Seemingly, UNIX/CUPS driven Printers display paper margins in “Points” by default with python. Is there any command by which the default display can be altered to be seen either in inches or in millimeters?

Perhaps you can find answers here:
https://www.cups.org/doc/cupspm.html

Though the conversion of 72 Points = 1" = 25.4 mm is available for manual intervention for setting page margins, I was looking for a terminal solution, which I couldn’t find.
The link suggested does not provide an answer. No luck!

I wonder: are you trying to write your own printer driver or (more likely) trying to print something from a certain application?
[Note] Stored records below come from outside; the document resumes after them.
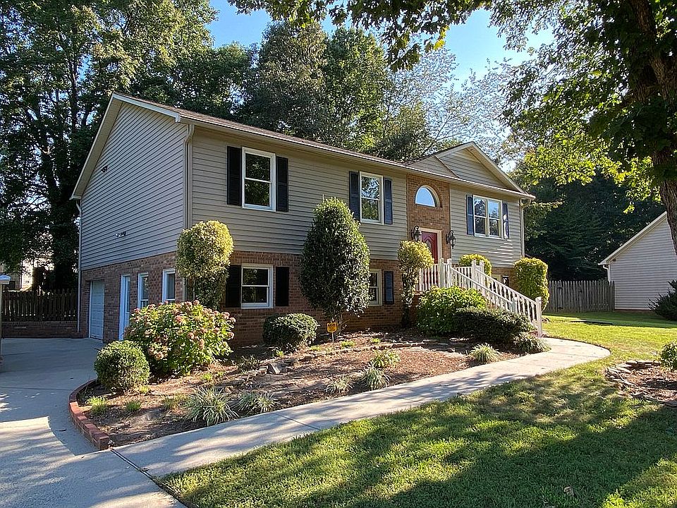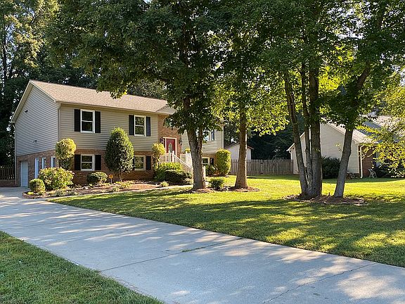 This beautiful split-level home located on a corner lot has 4 bedrooms and 3 bathrooms with +/- 2700 square feet of living space. First level has a in-law suite or that 4th bedroom and extra bathroom with a living room and fireplace for the older child in the family. The first level also has a large bonus room and a garage. This home has been updated with the following NEW improvements: new carpet, new hardwood flooring master bedroom, LVP in bathrooms, bathroom vanity cabinets, wall and trim paint, granite tops in kitchen, lighting and plumbing fixtures, exterior paint, decking boards. Also has a 10x12 storage building in the back yard. We will be taking highest and best offers Sunday evening, September 12th. Sorry NO buyers commissions. Call 336-918-8886 for a showing.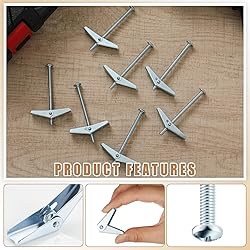 - Features: Strong Bearing Capacity: With a size of 3/16" X 3", these butterfly anchors for drywall not only ensure that the bolts are firmly fixed in the wall, but also can bear relatively heavy weight. Ideal for fixing heavy objects, the compact bolt design provides a secure installation that effectively prevents items from falling and ensuring user safety. Excellent Elasticity: The butterfly screws anchors exhibit great elasticity. After bearing pressure, they can rebound to their original state, maintaining a good fix and distributing the force evenly across the wall surface to avoid ruptures or damage. Specifications: Material: carbon steel Color: silver Size: 3/16" x 3" Package includes: 100 x Toggle bolts Notes: Manual measurement, please allow slight errors on size. The color may exist a slight difference due to different screen displays. Leave enough space for the wings to loosen during installation. It is best to tighten the bolts with an electric screwdriver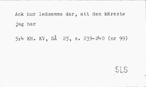 //// Ack hur ledsamma dar, att den käraste jag har //// KH. KV, SÅ 25, s. 239-2^0 (nr 99) //// SLS ////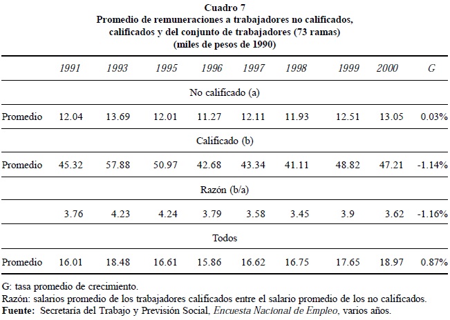 7 Esta diferencia en las tasas de crecimiento de los salarios implicó una menor desigualdad entre ambos tipos de trabajo, lo cual puede observarse en el renglón Razón, que registra el cociente del salario medio de los calificados y los no calificados.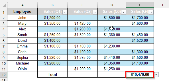 To determine the Q4 sales average and the overall sales average, let’s look at the employee sales dataset below.
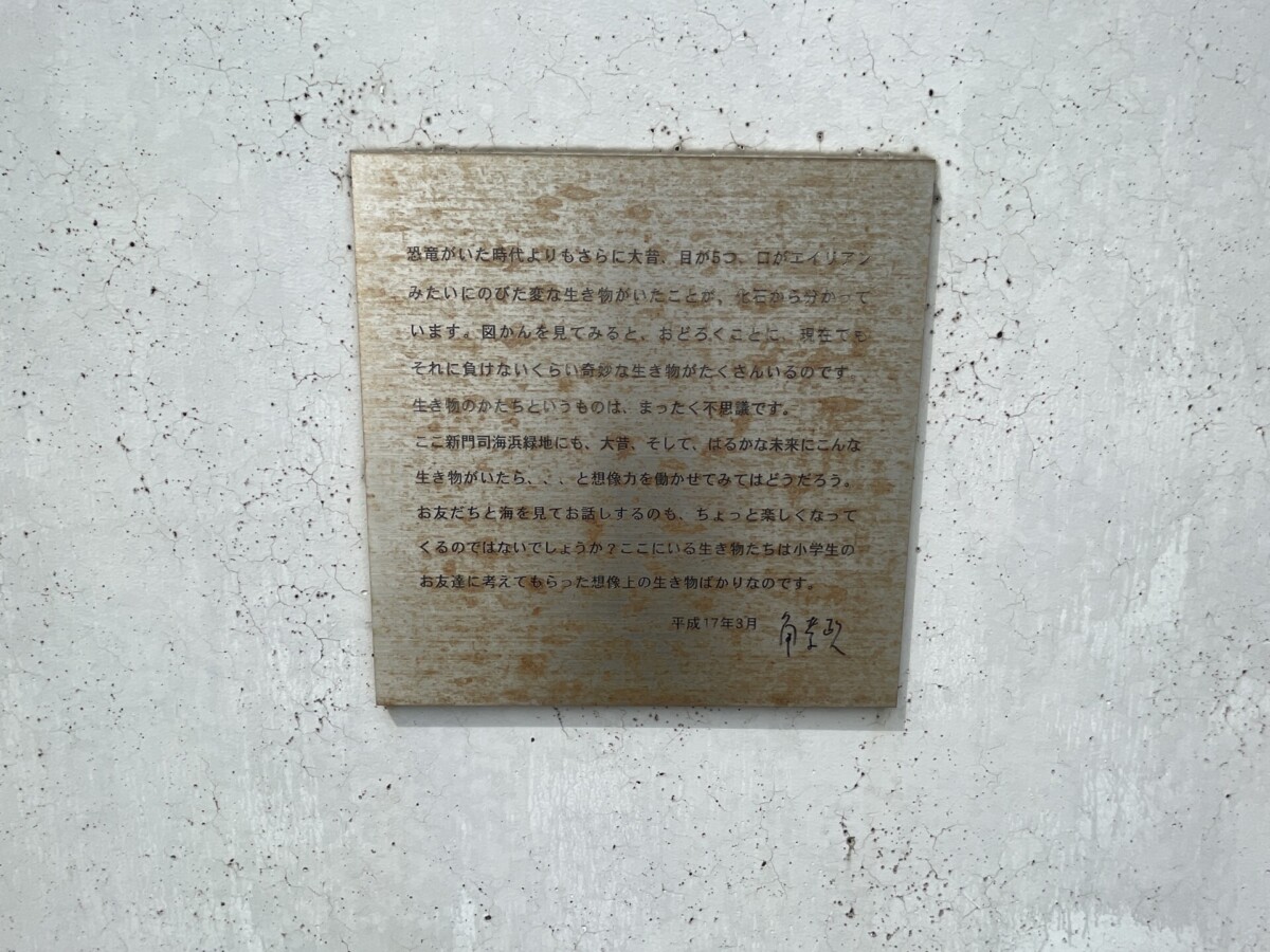説明の最後に「ここにいる生き物たちは小学生のお友達に考えてもらった想像上の生き物ばかりなのです」と書いてあり、どのような生き物なのか想像しながらオブジェを眺めていました。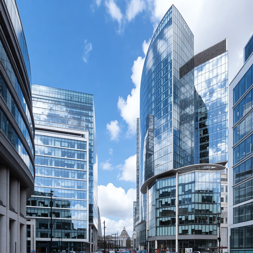 angular buildings, blue sky, cars, city skyline, city street, contemporary design, curved towers, dome building, glass facades, high-rise, modern buildings, reflective glass, urban architecture, white clouds, skyscrapers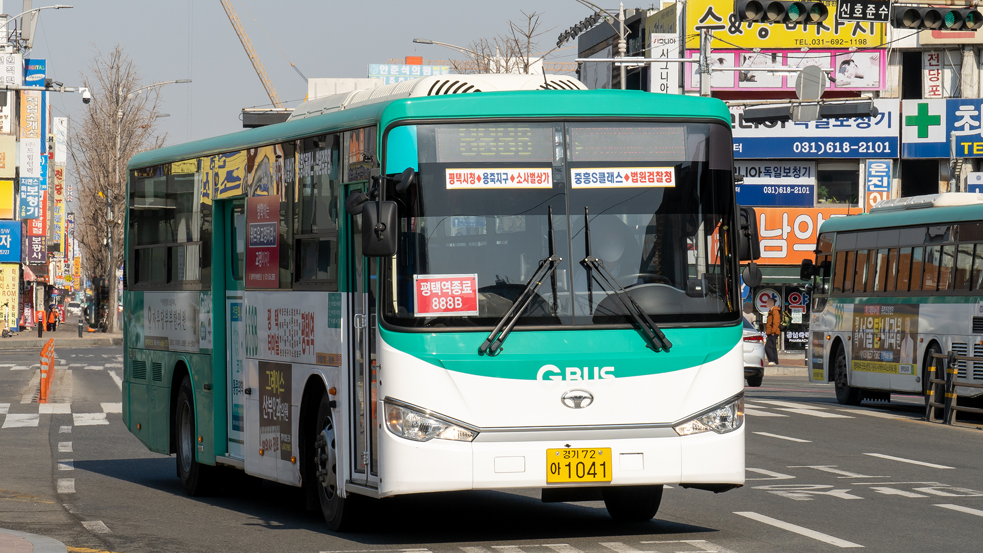 1041호는 앞유리가 3분할이 아닌 2분할로 되어 있는 특징이 있습니다. 출고했을 때는 96-1번에 투입했지만 가스 충전을 위해 공차 회송을 안중에서 용이동까지 가는 것은 너무 낭비였기 때문에 96-1번에는 다시 디젤 차량이 투입되었습니다.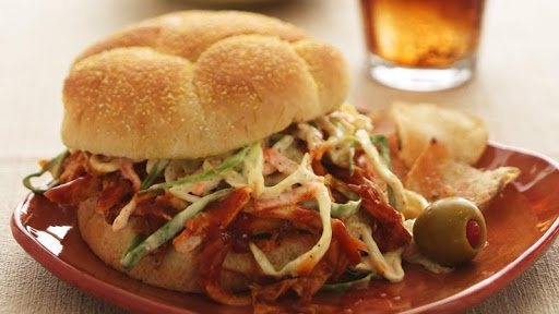 3. Place about 1 cup chicken mixture on bottom of each roll and top with about 1/2 cup coleslaw and bun top.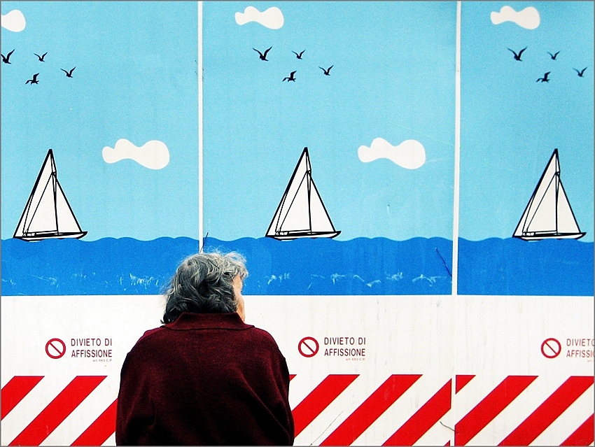 Grazie Anthias per il graditissimo commento! Mi aveva infatti colpito il contrasto tra il senso di libertà espresso dalle vele ed i gabbiani ed il divieto,con la presenza di questa anziana signora forse persa in lontani sogni.Ciao!  _________________ Sergio Demitri https://www.flickr.com/photos/124946035@N02/ |

In case of the latter: Which one?

No, definitely NOT writing the printer driver on a “smoothly working printer with no problems”! Having got used to setting printer paper margins either in inches or in millimeters, I was a wee bit perplexed to find (python) “Points” as the metric. I was just wondering whether the python driven default display of “Points” could be altered to have the display in “inches or millimeters”, using the command line. I scanned the CUPS Manual for a clue for “margin setting” the print requirement, but didn’t succeed.

Python is a programming language, it doesn’t display anything and I don’t believe it even has a standard printing interface, so you must be using some sort of library or module (or the application you’re working with is using one). So the question remains, where are you encountering this “python driven default display” in points units?

Most likely, the units can be changed, but we have to know where they’re coming from first. It’s not “Python” itself, which has no knowledge of such things.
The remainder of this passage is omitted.